Mann is currently in Australia where massive bushfires have been raging since Septmber.

“We’re seeing it in the form of unprecedented heat, drought and bushfires... We must put a lot more pressure on our politicians to act now before it is too late," he says.

Understanding the significance

The science of this study stands out more than others in the accuracy of the data provided, according to Kevin Trenberth, a scientist with the Climate Analysis Section at the National Center for Atmospheric Research in the US, another co-author of the study.

Many studies in the past discussed the warming of global mean surface temperatures. "But you need to have a record of about 15 to 20 years before you can confidently say that the trend is upwards,” Trenberth tells RFI.

This latest study uses much more accurate ways of measuring the ocean heat content, Trenberth says, which means four years of records are sufficient to confirm that the planet is warming.

With such studies, it can be difficult to understand and conceptualise the implications – which may in turn make it easier to dismiss.

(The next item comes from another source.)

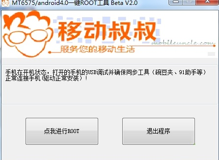 打开同步工具(如:豌豆荚等)并确认驱动都安装好!同步工具打开的情况,请不要关闭,同时打开移动叔叔一键ROOT工具。

Put simply: “When you put a pot of cold water on the stove and turn on the element to boil, it takes quite a while. There’s a tremendous amount of heat that goes into that,” explains Trenberth.

“It indicates that the oceans have tremendous heat capacity – even a small increase in the temperature involves a very large amount of heat,” he adds.

As the oceans continue to absorb heat from the atmosphere, it diminishes their ability to moderate climate change. "We can see that sort of thing in Australia with the bushfires and the heat waves,” Trenberth notes.

With the added heat, comes more glaciers melting and an increase in sea levels. That has major consequences in the long term, which has led to “marine heat waves”, such as one in the North Pacific called the ‘Blob’ that killed 100 million cod fish. Or seeing tropical fish where they have never been seen before, and witnessing ever more devastating storms, such as Hurricane Harvey in 2017 or Florence in 2018, or the recent flooding in the Indonesian capital Jakarta.

What can be done if it’s too late

“We’re past that point,” stresses Tim Boyer to RFI, another author on the study who heads the Ocean Climate Laboratory Team at the National Centers for Environmental Information.

“We can always do something to ameliorate future effects, but there’s nothing that we can do for the heat that’s already been accumulating in the system,” says Boyer.

The problem, as Mann points out, is that even if we stop emitting carbon into the atmosphere, the oceans will continue to heat up for decades.

“The sooner we get off fossil fuels, the sooner the warming stabilises,” he stresses.

Trenberth says he’s been highlighting this problem since the 1990s.

“For something to really happen, it requires US leadership along with China and Europe. Together those three could basically solve the problem, or at least put us on the right path to solving it. It just requires the right leadership in the right places and we could make huge progress.”